Nel 1975, con la legge n. 151 del 19 maggio, si avvia la riforma del diritto di famiglia che stabilisce la parità giuridica fra i coniugi. Muta la concezione della concezione della famiglia: il marito padre non è più il capo (famiglia) bensì un componente fra gli altri. La moglie non è più obbligata a seguire il marito «dovunque egli crede opportuno di fissare la sua residenza» ma questa la si stabilisce assieme e ognuno può avere un proprio domicilio. Entrambi i coniugi devono contribuire ai bisogni della famiglia e si introduce la comunione automatica dei beni. In aggiunta viene sancito che «il lavoro della donna è considerato equivalente a quello dell’uomo». La potestà sui figli non è più patria ma sono i genitori a decidere insieme e vengono abolite le discriminazioni fra figli legittimi e naturali, facendo sì che le madri nubili possano pertanto cercare e dichiarare la paternità dei loro figli.

A discapito di questi cambiamenti, restano tuttavia alcune norme pongono l’uomo in una posizione preminente. Infatti, ai sensi dell’articolo 316: «se sussiste un incombente pericolo di un grave pregiudizio per il figlio, il padre può adottare i provvedimenti urgenti ed indifferibili», la madre quindi non può farlo.

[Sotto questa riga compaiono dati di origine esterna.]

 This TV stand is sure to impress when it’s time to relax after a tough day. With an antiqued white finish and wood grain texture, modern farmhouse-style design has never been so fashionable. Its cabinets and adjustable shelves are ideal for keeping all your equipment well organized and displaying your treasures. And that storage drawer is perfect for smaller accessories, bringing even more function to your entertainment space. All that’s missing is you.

Tale disposizione è rimasta in vigore fino all’introduzione decreto legislativo 154/2013, che ha determinato la transizione dalla “potestà” genitoriale alla “responsabilità” genitoriale58. Successivamente sono stati cancellati tutti i riferimenti normativi alla figura paterna nel codice civile ed è rimasta solamente la locuzione «diligenza del buon padre di famiglia» contenuta nell’art. 1176 inerente all’adempimento delle obbligazioni, rubricato «Diligenza nell’adempimento», al cui primo comma si legge: «Nell’adempiere l’obbligazione il debitore deve usare la diligenza del buon padre di famiglia». Corresponsabilmente padri e madri hanno la stessa diligenza in modo che la figura paterna non venga ulteriormente esautorata o derubricata a livello familiare e sociale59.

Nel 1978 viene introdotta la legge n. 194 che disciplina l’interruzione di gravidanza, depenalizzandola e in questo modo sottraendola alla clandestinità: per la prima volta la donna può determinare una scelta sul proprio corpo assumendosi la decisione finale sulla maternità.

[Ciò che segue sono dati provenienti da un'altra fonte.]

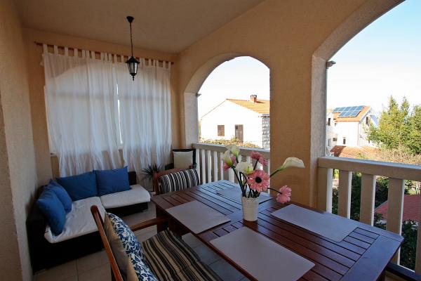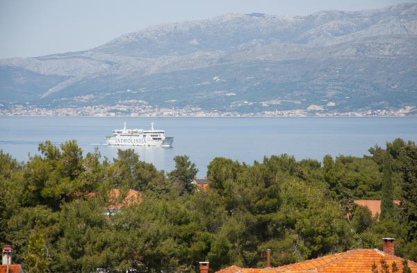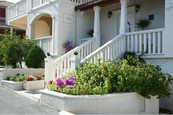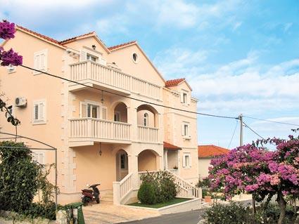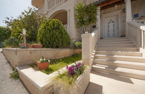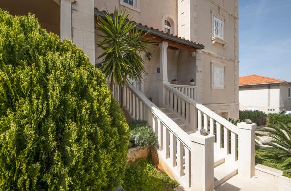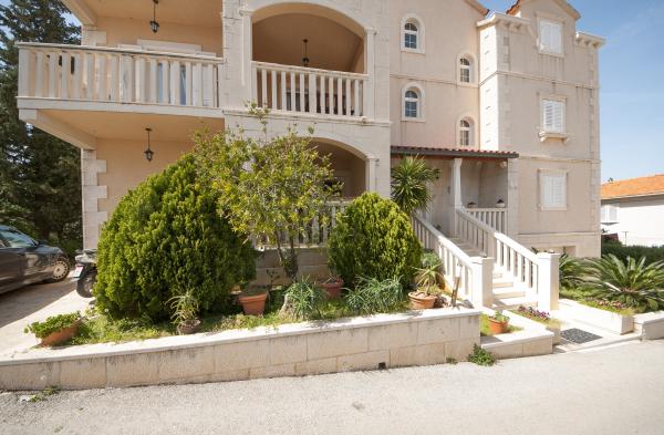 Das neue Haus Villa Maria mit insgesamt vier Apartments befindet sich im Wohn- und Erholungsgebiet Supetar, in unmittelbarer Nähe zum Zentrum mit seinen vielfältigen Sport- und Freizeitmöglichkeiten. Tennisplätze sind 150 m, Einkaufsmöglichkeiten 200 m, ein Kiesstrand und Restaurants ca. 350 m und das Stadtzentrum ca. 800 m entfernt. Das ca. 600 m² große Grundstück ist teilweise mit einer Steinmauer umzäunt und begrünt. Parkplätze stehen allen Gästen zur Verfügung. Jedes Apartment verfügt über eine überdachte Terrasse oder einen Balkon mit Gartenmöbeln, einige bieten Meerblick.

Gli anni Ottanta videro il diffondersi delle c.d. “azioni positive” 60. Si tratta di strumenti politici e giuridici volti a favorire un determinato gruppo sociale rispetto ad altri, la cui motivazione si basa sull’esigenza di porre rimedio a discriminazioni precedenti. Nella sostanza, erano una serie di norme che imponevano una percentuale di presenza di entrambi i sessi nei campi più disparati: liste elettorali, commissioni, al consiglio di amministrazione delle aziende e così via. Il criterio teleologico di tali strumenti normativi era da ricercare nel contrasto all’emarginazione sociale e culturale radicata delle donne e, con la loro introduzione, si andava a garantire la presenza femminile61.

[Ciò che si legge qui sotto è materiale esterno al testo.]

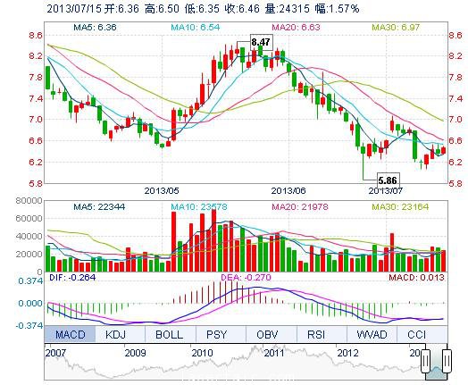 | 最 低: | 6.35 | 總市值: | 12.87億 | 市凈率: | 2.66 |

A livello internazionale, nel 1979, l’Assemblea Generale delle Nazioni Unite adottò la Convenzione sull’eliminazione di ogni forma di discriminazione nei confronti della donna (CEDAW), in cui si dichiara l’uguaglianza economica, sociale, civile e politica della donna e si sottolinea che qualsiasi forma di discriminazione ai danni delle donne costituisce una violazione dei principi di dell’eguaglianza dei diritti e del rispetto della dignità dell’uomo. In aggiunta, la Convenzione afferma che «tutti gli Stati parti prendono tutte le misure adeguate per eliminare la discriminazione nei confronti delle donne nella vita politica e pubblica del paese, ed assicurano loro il diritto a) di votare, b) di prendere parte all’elaborazione della politica dello Stato, […J; gli Stati parti prendono tutte le misure adeguate per eliminare la discriminazione nei confronti delle donne al fine di assicurare loro gli stessi diritti degli uomini per quanto concerne l’educazione […J; gli Stati parti riconoscono alla donna la parità con l’uomo di fronte alla legge […J.»62. L’Italia ha ratificato la Convenzione con legge del 14 marzo 1985, n. 132.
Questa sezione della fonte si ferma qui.